*** INPUT RECORDS ***

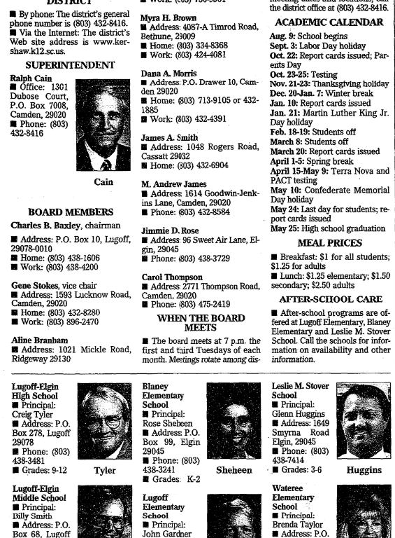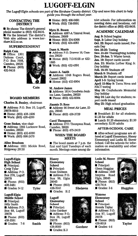 The Lugoff-Elgin schools are part of the Kershaw County district. Clip and save this chart to help guide you through the school year.
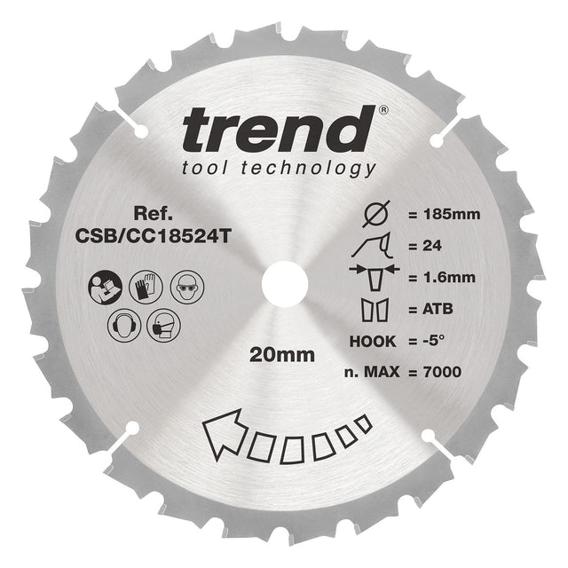 Trend Wood Cordless Mitre Saw Blade 185mm x 20mm x 24T
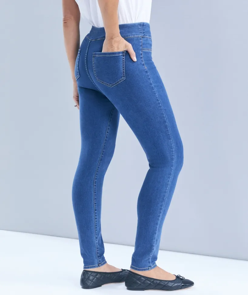 Introducing our Denim Jegging, part of our new Sussan Denim Range. The Denim Jegging is crafted from high-quality comfort stretch denim which offers a flattering fit. With a high-rise, fitted silhouette, these pull-on jeggings combine both style and comfort. This design offers a smooth, seamless look with mock pockets and minimal design, making it the perfect versatile piece for any outfit. The Denim Jegging is easy to dress up or down and is a must-have addition to your wardrobe for effortless, all-day wear.
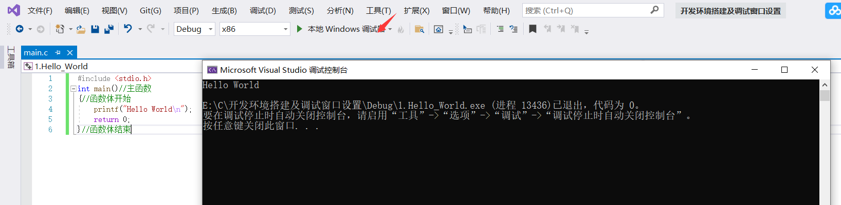 #include <stdio.h> int main()//主函数 {//函数体开始 printf("Hello World\n"); return 0; }//函数体结束
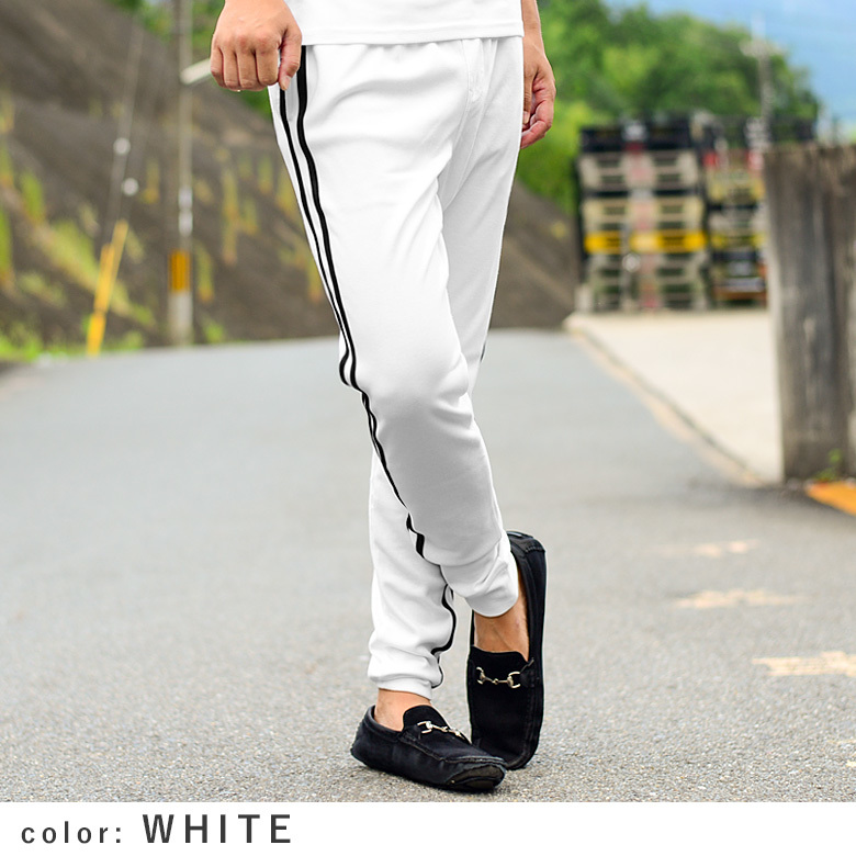 サイドのラインは美脚効果を演出し、裾が絞れたジョガーパンツタイプとなっており、
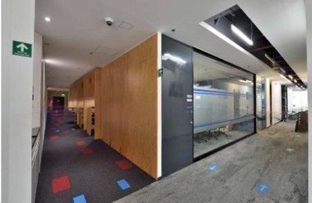 La oficina cuenta con recepción, sala de juntas, varios privados, área de trabajo, área de comida.
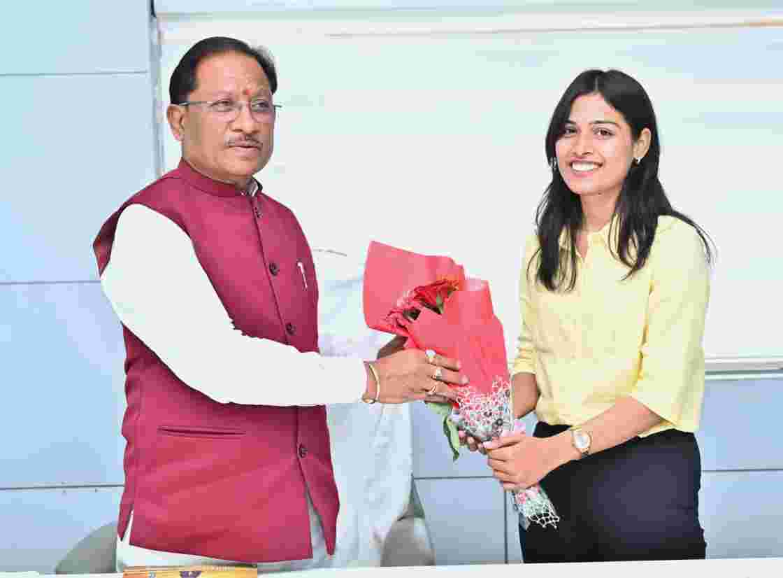 रायपुर। मुख्यमंत्री विष्णुदेव साय ने आज मंत्रालय महानदी भवन स्थित अपने कार्यालय में सीडीएस परीक्षा में ऑल इंडिया चौथा रैंक प्राप्त करने वाली मुंगेली की सुश्री सुप्रिया को सम्मानित किया। उन्होंने सुप्रिया और उनके परिजनों को पुष्पगुच्छ भेंटकर बधाई एवं शुभकामनाएं दी और मुँह मीठा कराया।
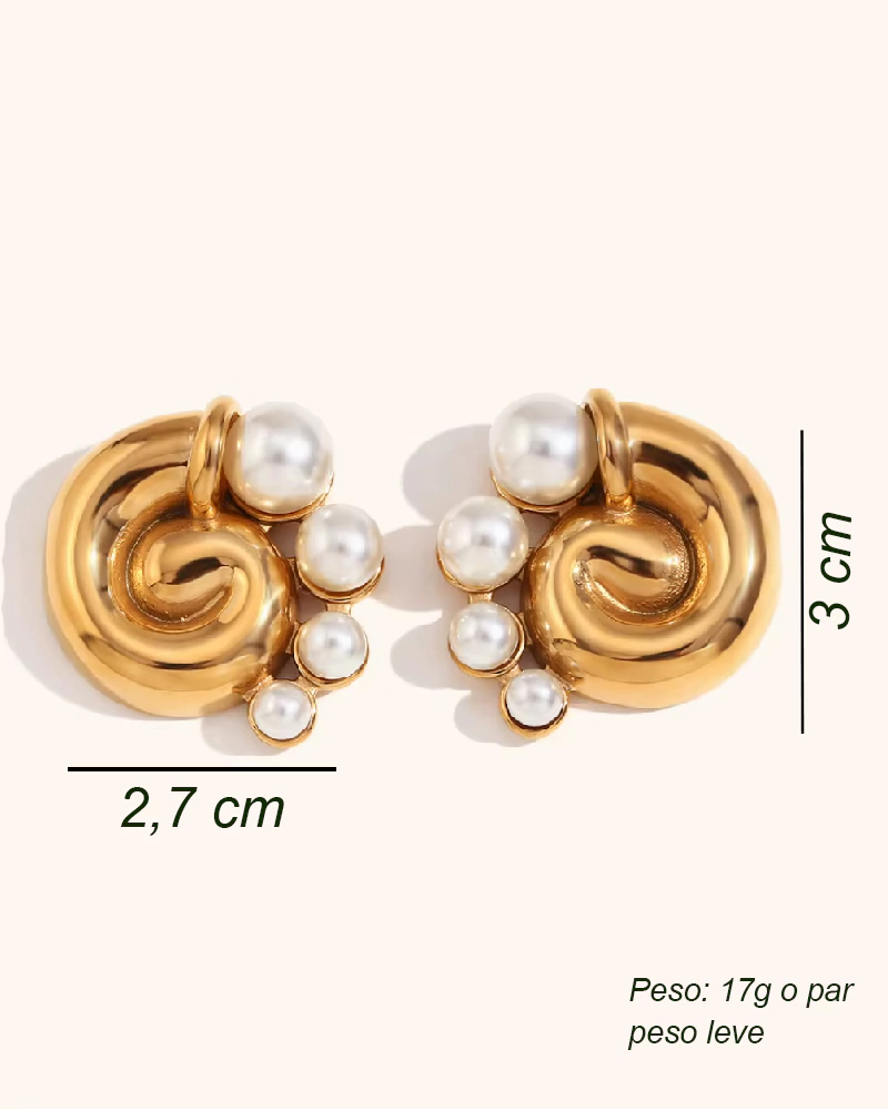 O brinco é feito em liga de zinco com acabamento dourado e pérolas simuladas. Não possui banho hipoalergênico.

*** End of INPUT RECORDS ***

● WHAT YOU ARE ASKED TO DO
A verbatim copy of the records is needed, with all images omitted.

● WRITTEN SOLUTION
 The Lugoff-Elgin schools are part of the Kershaw County district. Clip and save this chart to help guide you through the school year.
 Trend Wood Cordless Mitre Saw Blade 185mm x 20mm x 24T
 Introducing our Denim Jegging, part of our new Sussan Denim Range. The Denim Jegging is crafted from high-quality comfort stretch denim which offers a flattering fit. With a high-rise, fitted silhouette, these pull-on jeggings combine both style and comfort. This design offers a smooth, seamless look with mock pockets and minimal design, making it the perfect versatile piece for any outfit. The Denim Jegging is easy to dress up or down and is a must-have addition to your wardrobe for effortless, all-day wear.
 #include <stdio.h> int main()//主函数 {//函数体开始 printf("Hello World\n"); return 0; }//函数体结束
 サイドのラインは美脚効果を演出し、裾が絞れたジョガーパンツタイプとなっており、
 La oficina cuenta con recepción, sala de juntas, varios privados, área de trabajo, área de comida.
 रायपुर। मुख्यमंत्री विष्णुदेव साय ने आज मंत्रालय महानदी भवन स्थित अपने कार्यालय में सीडीएस परीक्षा में ऑल इंडिया चौथा रैंक प्राप्त करने वाली मुंगेली की सुश्री सुप्रिया को सम्मानित किया। उन्होंने सुप्रिया और उनके परिजनों को पुष्पगुच्छ भेंटकर बधाई एवं शुभकामनाएं दी और मुँह मीठा कराया।
 O brinco é feito em liga de zinco com acabamento dourado e pérolas simuladas. Não possui banho hipoalergênico.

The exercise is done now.